→ **RECORDS FOR THE EXERCISE**:
════════════════════

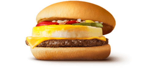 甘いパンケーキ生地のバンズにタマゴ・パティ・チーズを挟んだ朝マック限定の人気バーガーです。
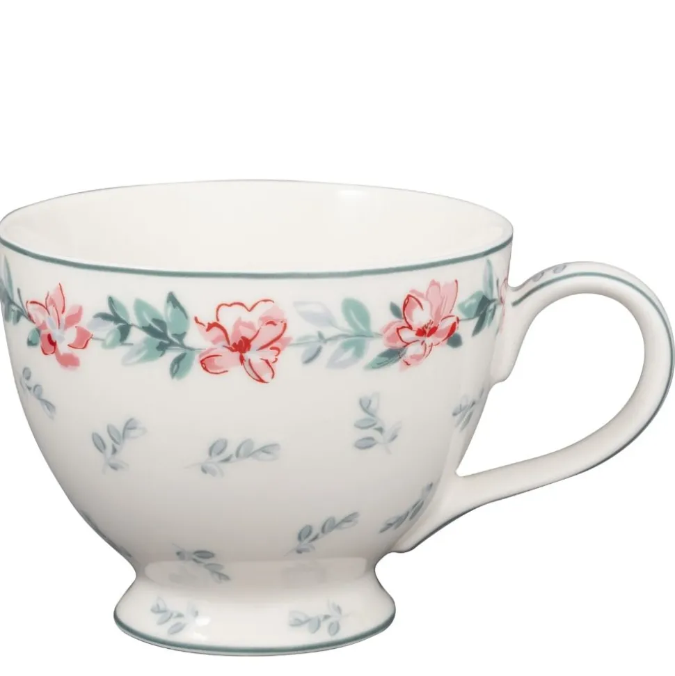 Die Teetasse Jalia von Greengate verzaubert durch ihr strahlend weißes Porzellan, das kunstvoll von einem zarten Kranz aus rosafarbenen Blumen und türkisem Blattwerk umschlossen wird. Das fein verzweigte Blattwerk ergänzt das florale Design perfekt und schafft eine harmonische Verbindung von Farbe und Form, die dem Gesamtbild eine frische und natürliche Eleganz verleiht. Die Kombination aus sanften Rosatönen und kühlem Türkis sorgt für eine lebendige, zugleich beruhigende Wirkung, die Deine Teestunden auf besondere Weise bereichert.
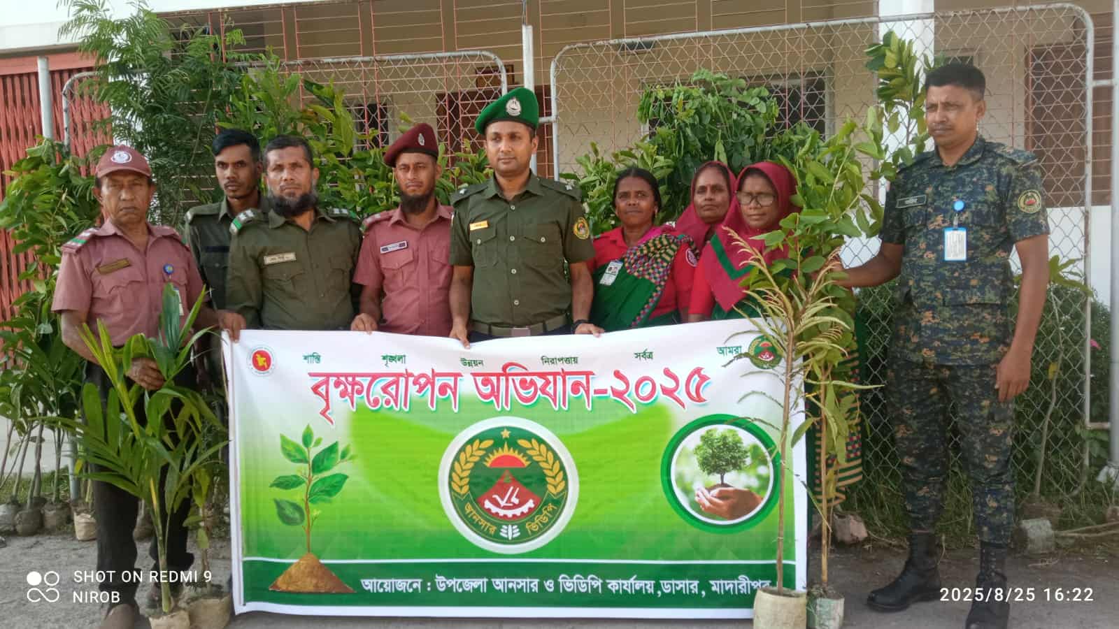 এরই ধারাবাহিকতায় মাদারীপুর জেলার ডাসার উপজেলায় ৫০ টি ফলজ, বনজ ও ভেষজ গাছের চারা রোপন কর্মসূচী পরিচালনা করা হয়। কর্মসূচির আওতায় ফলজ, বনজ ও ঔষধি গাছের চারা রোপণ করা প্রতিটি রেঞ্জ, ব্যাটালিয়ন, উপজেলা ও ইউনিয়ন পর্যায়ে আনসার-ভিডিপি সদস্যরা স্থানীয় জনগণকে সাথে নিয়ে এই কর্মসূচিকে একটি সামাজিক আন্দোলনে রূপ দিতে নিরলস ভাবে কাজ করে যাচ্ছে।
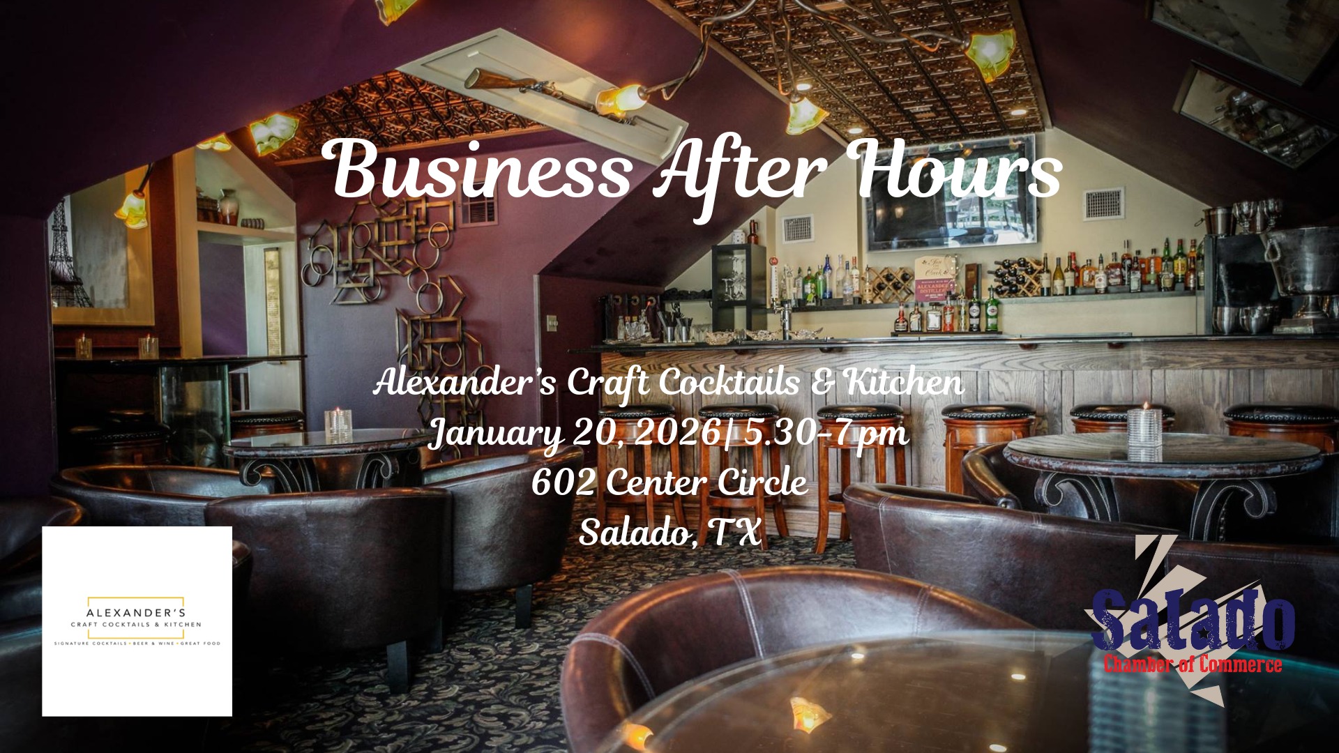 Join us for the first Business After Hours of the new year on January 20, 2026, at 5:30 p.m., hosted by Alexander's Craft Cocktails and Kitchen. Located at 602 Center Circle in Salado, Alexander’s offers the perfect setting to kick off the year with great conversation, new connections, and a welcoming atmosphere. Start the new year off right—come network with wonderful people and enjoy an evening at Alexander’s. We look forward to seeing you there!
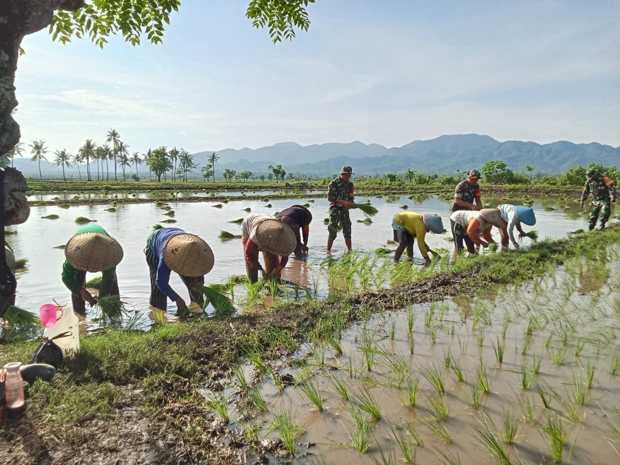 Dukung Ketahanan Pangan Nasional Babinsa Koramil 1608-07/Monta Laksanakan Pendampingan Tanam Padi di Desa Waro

════════════════════

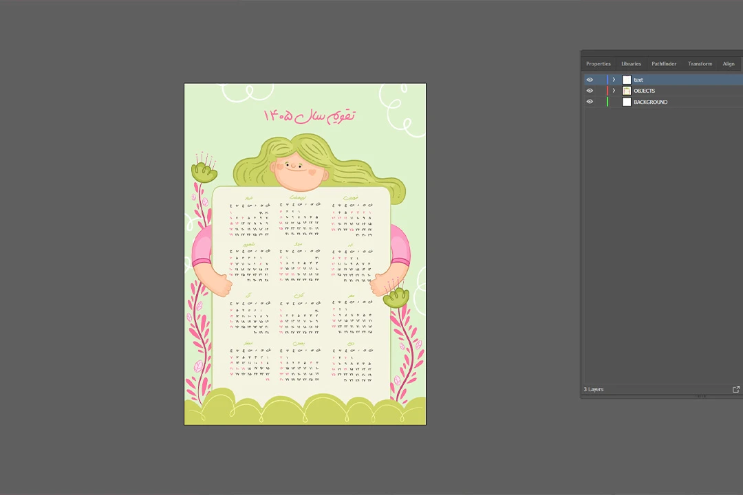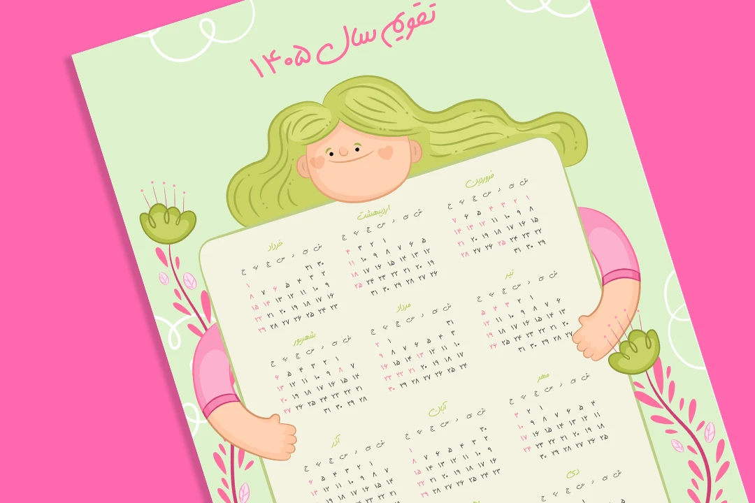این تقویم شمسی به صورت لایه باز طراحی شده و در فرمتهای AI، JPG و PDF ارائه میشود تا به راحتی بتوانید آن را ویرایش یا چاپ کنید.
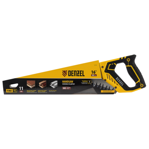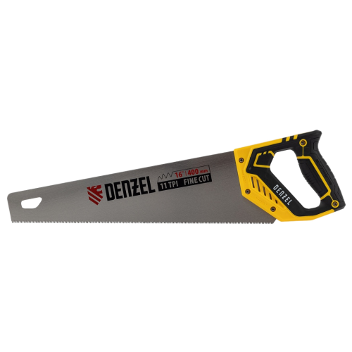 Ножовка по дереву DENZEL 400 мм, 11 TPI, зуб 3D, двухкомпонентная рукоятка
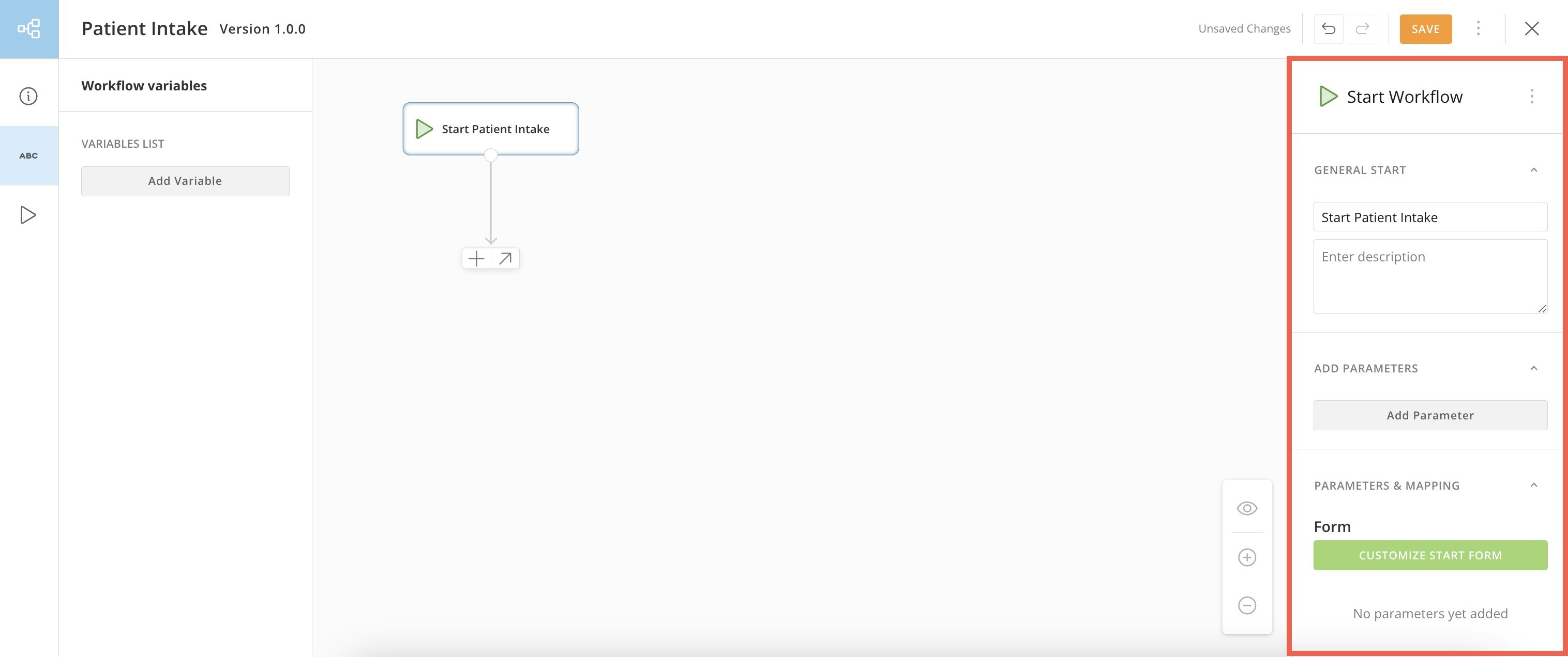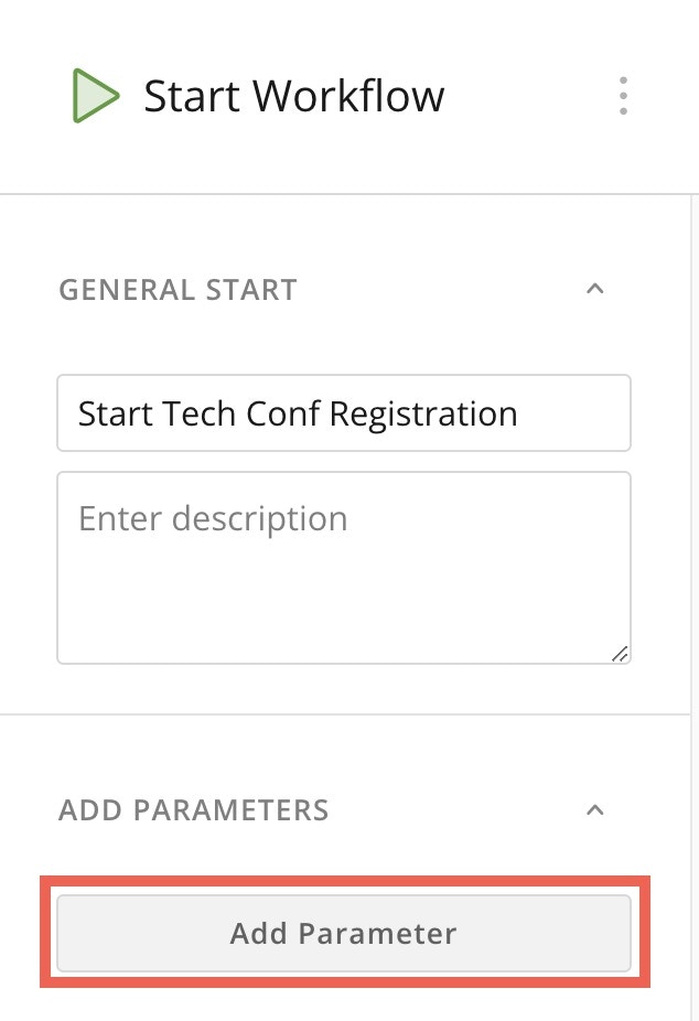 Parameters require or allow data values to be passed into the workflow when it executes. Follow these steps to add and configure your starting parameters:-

════════════════════

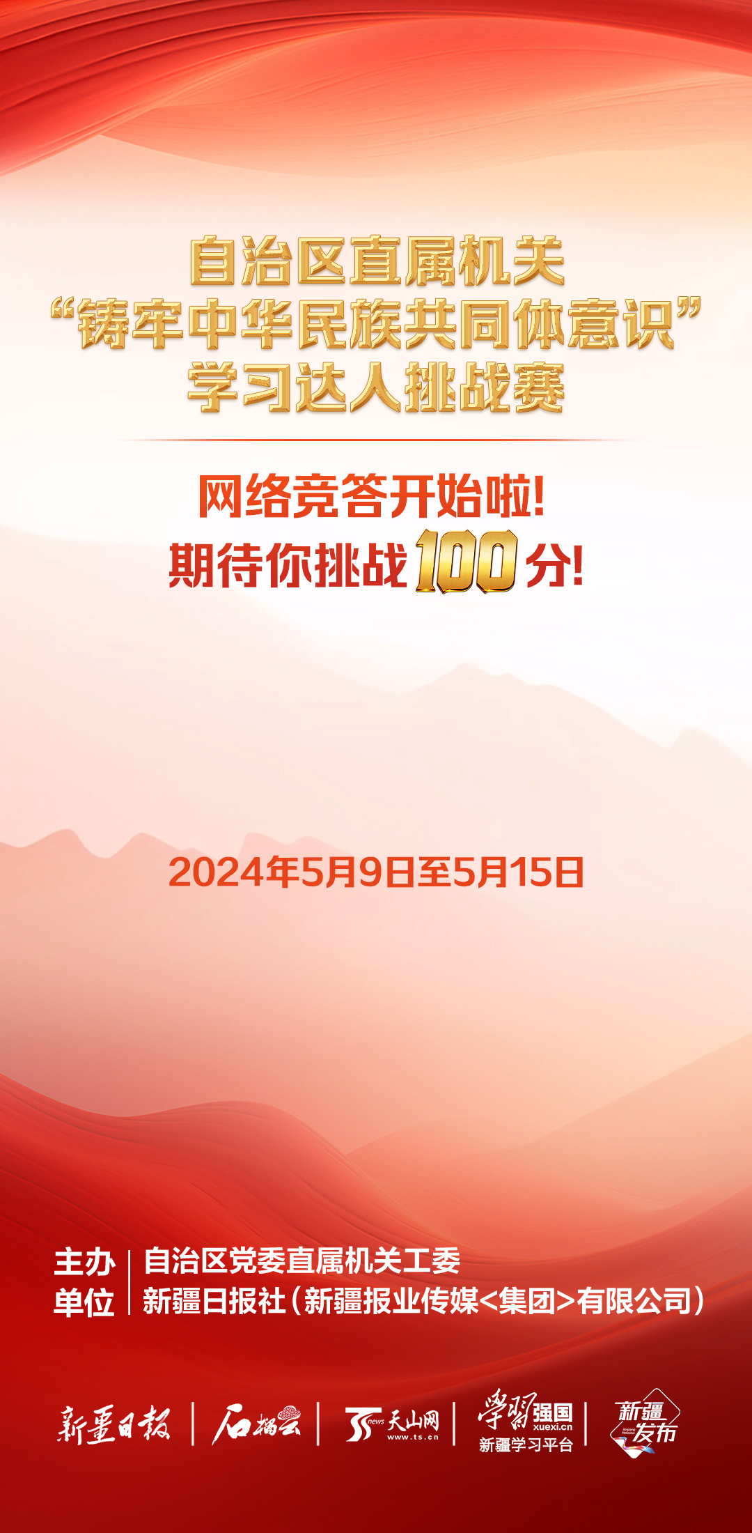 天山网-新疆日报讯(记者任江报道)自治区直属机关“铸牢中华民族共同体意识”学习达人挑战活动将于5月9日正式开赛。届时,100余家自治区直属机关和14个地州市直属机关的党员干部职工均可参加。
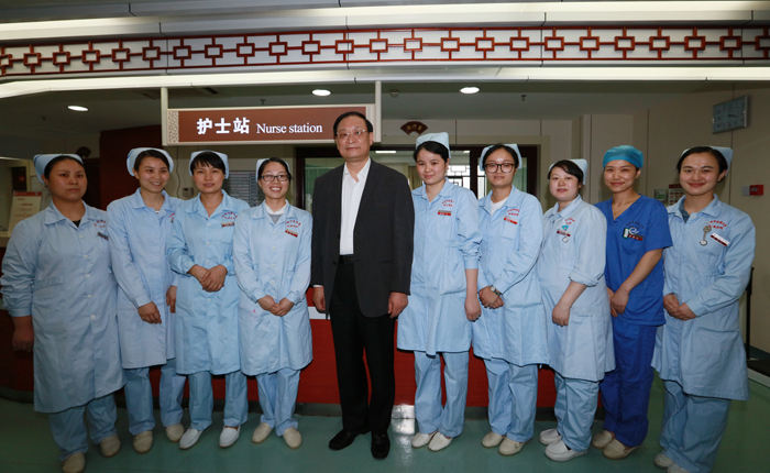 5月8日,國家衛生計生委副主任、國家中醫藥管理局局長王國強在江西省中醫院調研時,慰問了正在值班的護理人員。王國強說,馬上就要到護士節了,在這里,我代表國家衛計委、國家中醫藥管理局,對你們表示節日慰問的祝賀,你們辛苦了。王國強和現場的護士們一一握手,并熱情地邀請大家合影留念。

════════════════════

→ **WORK ORDER**: Return only the stretch above from the line containing "Die Teetasse Jalia" through the line containing "Join us for", word for word and without pictures.

→ **EXERCISE RESULT**:
 Die Teetasse Jalia von Greengate verzaubert durch ihr strahlend weißes Porzellan, das kunstvoll von einem zarten Kranz aus rosafarbenen Blumen und türkisem Blattwerk umschlossen wird. Das fein verzweigte Blattwerk ergänzt das florale Design perfekt und schafft eine harmonische Verbindung von Farbe und Form, die dem Gesamtbild eine frische und natürliche Eleganz verleiht. Die Kombination aus sanften Rosatönen und kühlem Türkis sorgt für eine lebendige, zugleich beruhigende Wirkung, die Deine Teestunden auf besondere Weise bereichert.
 এরই ধারাবাহিকতায় মাদারীপুর জেলার ডাসার উপজেলায় ৫০ টি ফলজ, বনজ ও ভেষজ গাছের চারা রোপন কর্মসূচী পরিচালনা করা হয়। কর্মসূচির আওতায় ফলজ, বনজ ও ঔষধি গাছের চারা রোপণ করা প্রতিটি রেঞ্জ, ব্যাটালিয়ন, উপজেলা ও ইউনিয়ন পর্যায়ে আনসার-ভিডিপি সদস্যরা স্থানীয় জনগণকে সাথে নিয়ে এই কর্মসূচিকে একটি সামাজিক আন্দোলনে রূপ দিতে নিরলস ভাবে কাজ করে যাচ্ছে।
 Join us for the first Business After Hours of the new year on January 20, 2026, at 5:30 p.m., hosted by Alexander's Craft Cocktails and Kitchen. Located at 602 Center Circle in Salado, Alexander’s offers the perfect setting to kick off the year with great conversation, new connections, and a welcoming atmosphere. Start the new year off right—come network with wonderful people and enjoy an evening at Alexander’s. We look forward to seeing you there!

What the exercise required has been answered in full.